── DATASET CONTENT

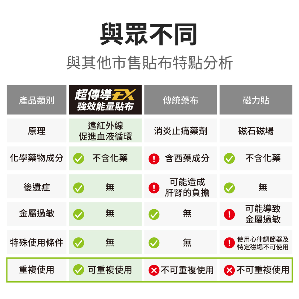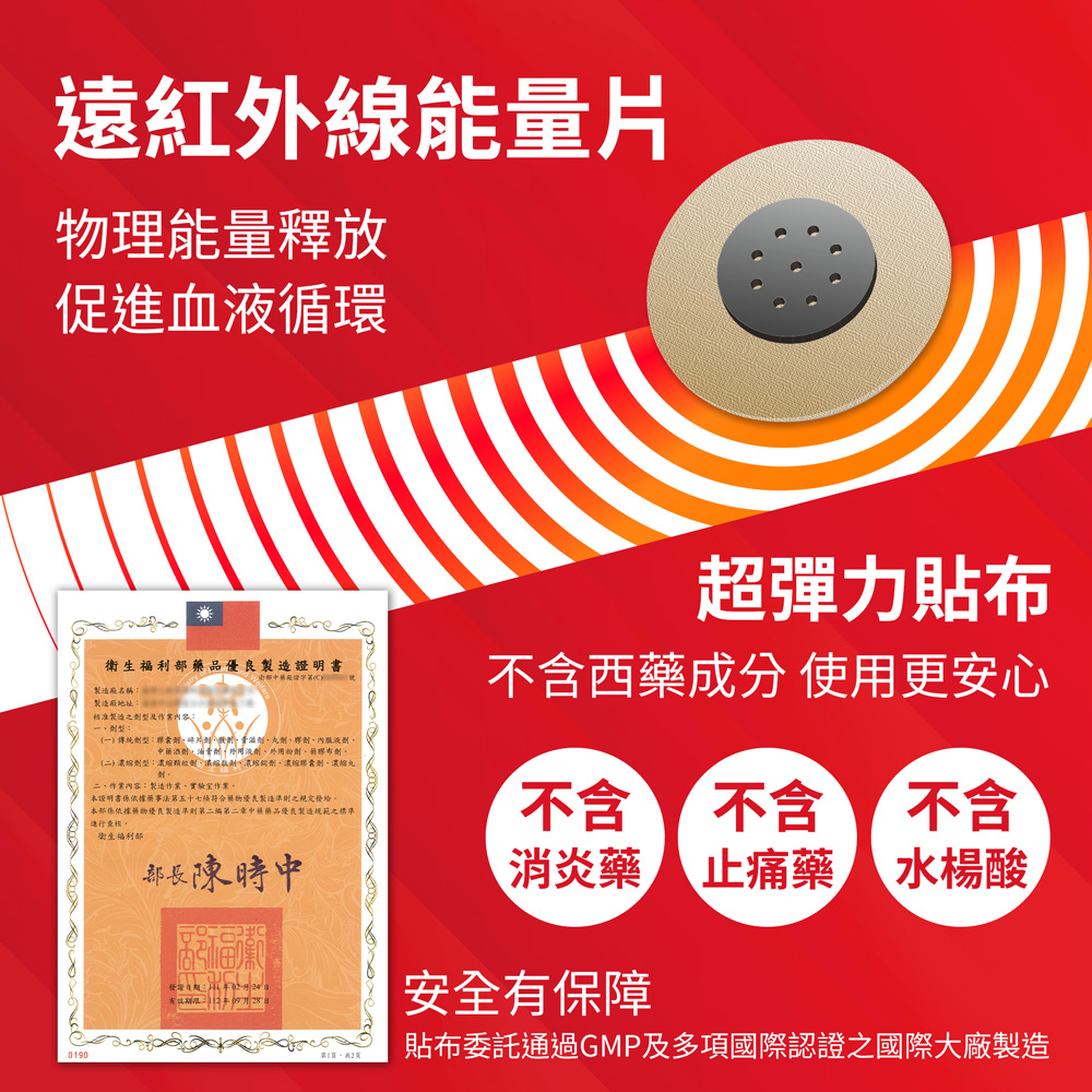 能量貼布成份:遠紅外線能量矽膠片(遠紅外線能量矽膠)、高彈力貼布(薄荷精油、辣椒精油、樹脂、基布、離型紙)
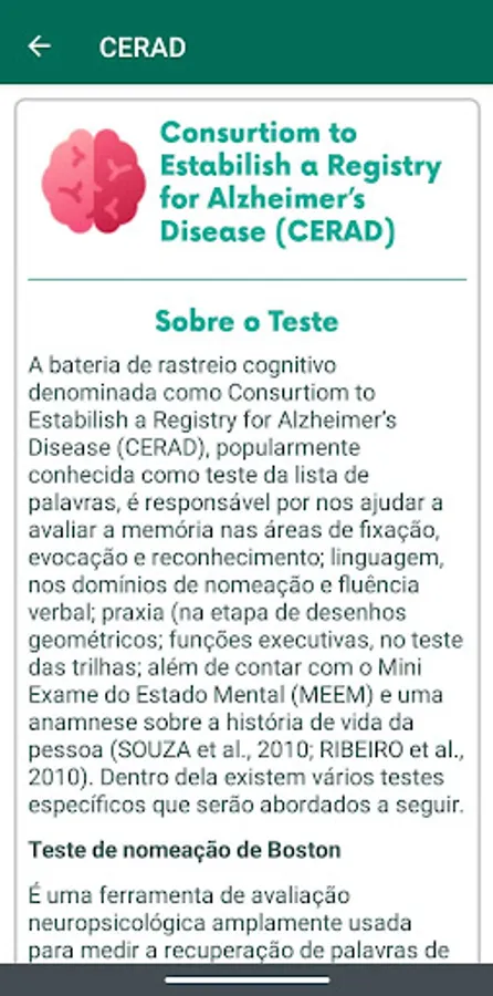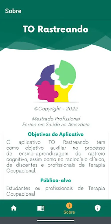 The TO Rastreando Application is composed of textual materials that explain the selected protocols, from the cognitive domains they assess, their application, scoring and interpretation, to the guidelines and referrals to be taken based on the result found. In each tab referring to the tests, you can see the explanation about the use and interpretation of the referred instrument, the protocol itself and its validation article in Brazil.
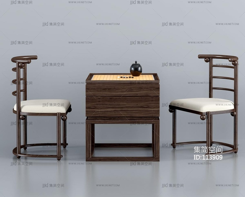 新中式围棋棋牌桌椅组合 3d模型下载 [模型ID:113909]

────

[WHAT YOU NEED TO DO]:
The output should be the material above, copied exactly, without its pictures.

[TASK ANSWER]:
 能量貼布成份:遠紅外線能量矽膠片(遠紅外線能量矽膠)、高彈力貼布(薄荷精油、辣椒精油、樹脂、基布、離型紙)
 The TO Rastreando Application is composed of textual materials that explain the selected protocols, from the cognitive domains they assess, their application, scoring and interpretation, to the guidelines and referrals to be taken based on the result found. In each tab referring to the tests, you can see the explanation about the use and interpretation of the referred instrument, the protocol itself and its validation article in Brazil.
 新中式围棋棋牌桌椅组合 3d模型下载 [模型ID:113909]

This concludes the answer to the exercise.